[Records from a data collection]
◆ ◆ ◆
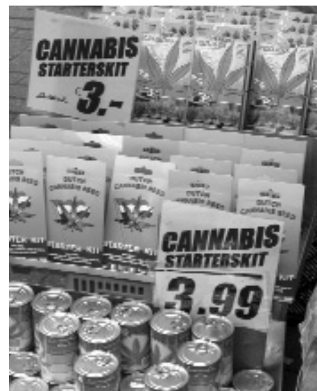
Cannabis Starter Kits - armes Holland
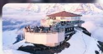
ทานอาหารที่ Piz Gloria ทัศนียภาพที่ทิวทัศน์ได้ 360 องศา
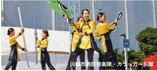
川崎市消防音楽隊・カラーガード隊
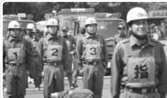
第3位 南郷分団第5部
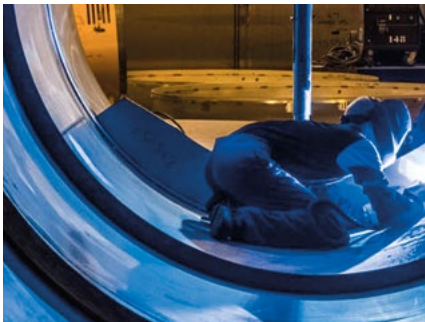
WIG-Schweißen hochlegierter Stähle
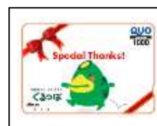
(写真2:クオカード 1000 円分)
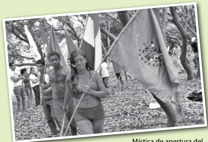
Mística de apertura del IALA Guaraní
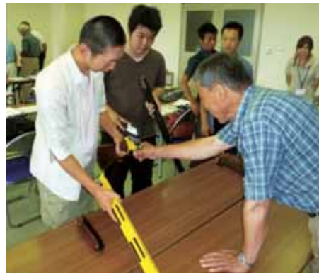
マイスター育成スクール

ている中で将来的に必要となる、市町の垣根を越えた捕獲体制の構築を見据えています。
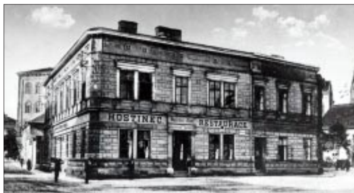
Matiční dům - sídlo Matice opavské na Rybím trhu

rům od zámožných měšťanů a šlechty, od roku 1859 i díky právu povinného tisku z oblasti rakouského Slezska. Nejprve byla umístěna spolu s muzeem v několika místnostech zemského domu (bývalé jezuitské koleje), poté v jezuitské kapli a roku 1854 byla přestěhována do budovy minoritského kláštera na Panské (dnes Masarykově) ulici. Třebaže po celou dobu existence gymnaziální knihovny ji širší veřejnost příliš neznala a nemohla ji ani plně využívat, byla neobyčejně bohatou vědeckou institucí. Takže když v poslední etapě bojů o město v dubnu 1945 zcela vyhořela a více než 100 000 svazků knih bylo zničeno, znamenalo to jednu z nejtěžších kulturních ztrát pro Opavu. Jakousi pokračovatelkou této první vědecké knihovny ve Slezsku se stala roku 1945 Slezská studijní knihovna, dnes Slezský ústav Slezského zemského muzea. Od roku 1900 existovala v Opavě německá lidová knihovna (Tropauer Volksbibliothek), která získala 15. ledna 1921 statut městské knihovny (Gemeindebücherei, resp. Deutsche Stadtbücherei). Sídliila na Rybím trhu č. 4 v 1. poschodí budovy dnešního divadelního klubu. Roku 1930 čítala 35 000 svazků. Čtenáři zde měli k dispozici čtenářský a přednáškový sál pro 200 osob s příruční knihovnou a 100 časopisy. K dispozici byla opavským čtenářům dále knihovna a čítárna Muzea pro umění a průmysl (Slezského zemského muzea) na Komenského ulici č. 10.
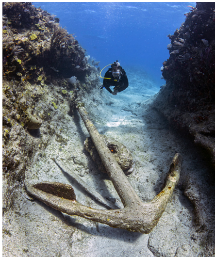
Het plechtanker van de HMS Endymion, met een lengte van 508 cm het grootste anker aanwezig op het wrak.

20e eeuw. Schijnbaar is de Endymion niet de enige die hier is vergaan. Dit zet ons aan het denken: hoeveel scheepswrakken zouden er in de buurt nog te vinden zijn? Na afloop van het veldwerk is het tijd om de archieven in te duiken om te achterhalen wat er precies op die noodlottige dag in 1790 gebeurde. Na
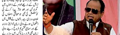
وزیر عرفان انصاری نے یوٹوب چینل کو 10 کروڑ روپے کا ہفتک عزت نوٹس بھیجا

وزیر عرفان انصاری نے یوٹوب چینل کو 10 کروڑ روپے کا ہفتک عزت نوٹس بھیجا۔ انہوں نے اس کے خلاف کارروائی کرنے کا حکم دیا۔
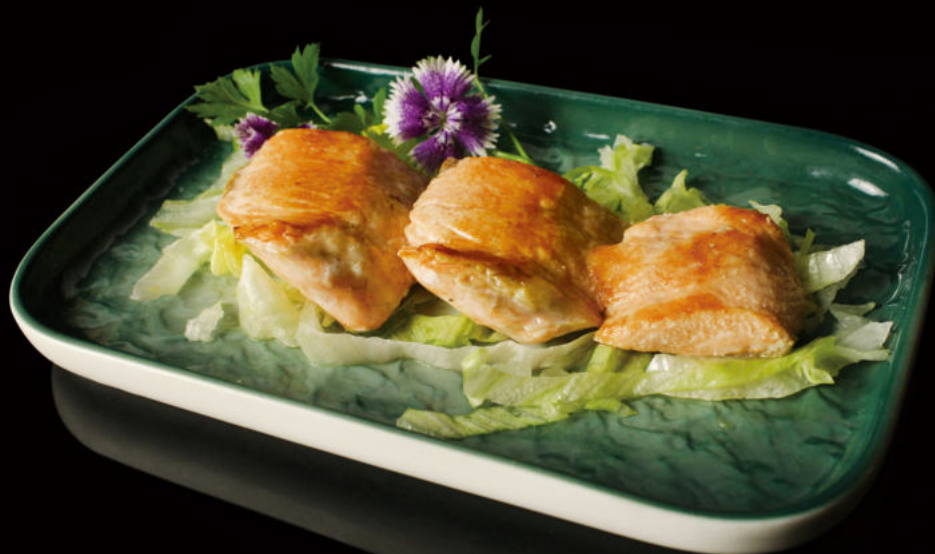
62. Sake de Salmón Grilled salmon
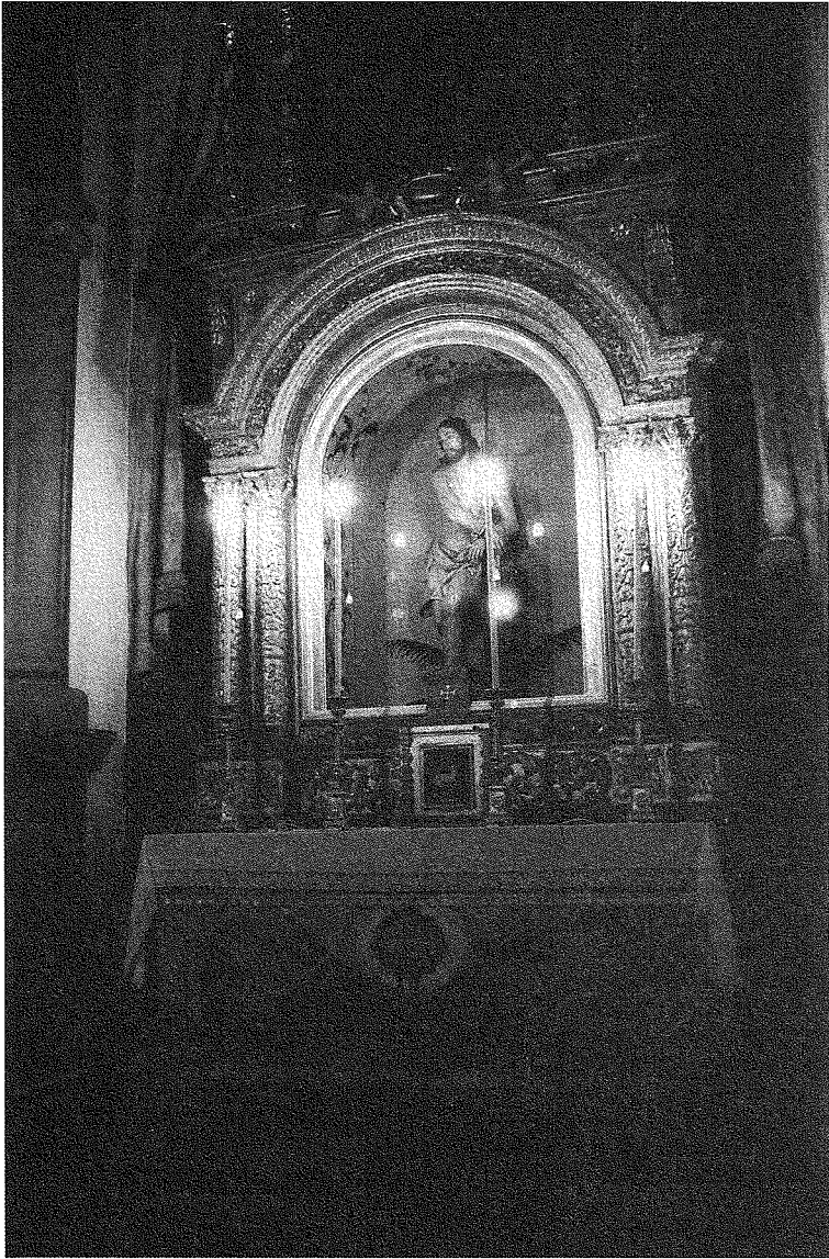
Lámina V. Capilla de Santo Tomás, de la familia Van de Walle, en la Iglesia del Convento del Patriarca Santo Domingo. Santa Cruz de La Palma.
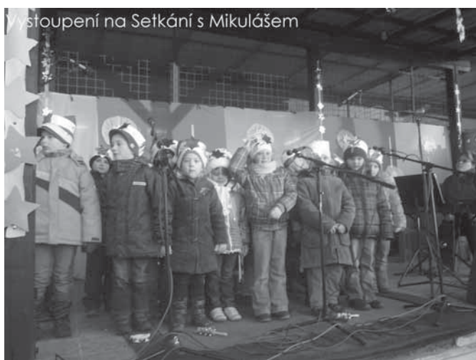
Vystoupení na Setkání s Mikulášem
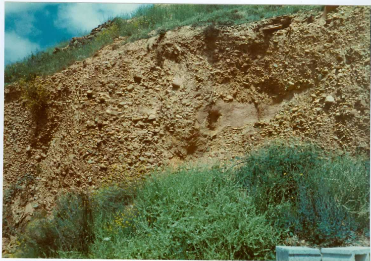
12.11-IM-AC-9766.- Detalle de los conglomerados de La Valduerna en Destriana. S. de La Valduerna. (9).
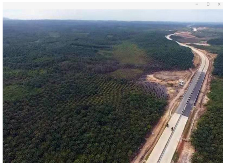
库台卡特内加拉(Kutai Kartanegara)地区航拍。
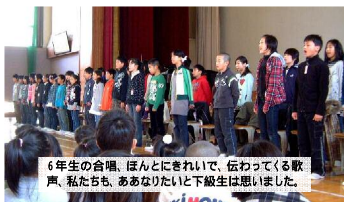
6年生の合唱、ほんとにきれいで、伝わってくる歌声、私たちも、あなりたいと下級生は思いました。
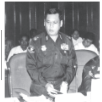
အမျိုးသားစီမံကိန်းနှင့် စီးပွားရေးဖွံ့ဖြိုး တိုးတက်မှုဝန်ကြီးဌာန ဝန်ကြီး ဦးစိုးသာ ဆီအုန်း၊ ရော်ဘာနှင့် အမယ်သစ်သီးနှံများ စိုက်ပျိုးရေးလုပ်ငန်း ဖွံ့ဖြိုးတိုးတက်ရေး ညှိနှိုင်းအစည်းအဝေး(၈/၂၀၀၄) တွင် ရှင်းလင်းတင်ပြစဉ်။ (သတင်းစဉ်)
◆ ◆ ◆
## AIM OF THE TASK
Repeat, without pictures, exactly the lines of the data above from the one containing "کا حکم دیا۔" through the one containing "6年生の合唱、ほんとにきれい", including both and adding nothing.

## THE COMPLETED TASK
وزیر عرفان انصاری نے یوٹوب چینل کو 10 کروڑ روپے کا ہفتک عزت نوٹس بھیجا۔ انہوں نے اس کے خلاف کارروائی کرنے کا حکم دیا۔
62. Sake de Salmón Grilled salmon
Lámina V. Capilla de Santo Tomás, de la familia Van de Walle, en la Iglesia del Convento del Patriarca Santo Domingo. Santa Cruz de La Palma.
Vystoupení na Setkání s Mikulášem
12.11-IM-AC-9766.- Detalle de los conglomerados de La Valduerna en Destriana. S. de La Valduerna. (9).
库台卡特内加拉(Kutai Kartanegara)地区航拍。
6年生の合唱、ほんとにきれいで、伝わってくる歌声、私たちも、あなりたいと下級生は思いました。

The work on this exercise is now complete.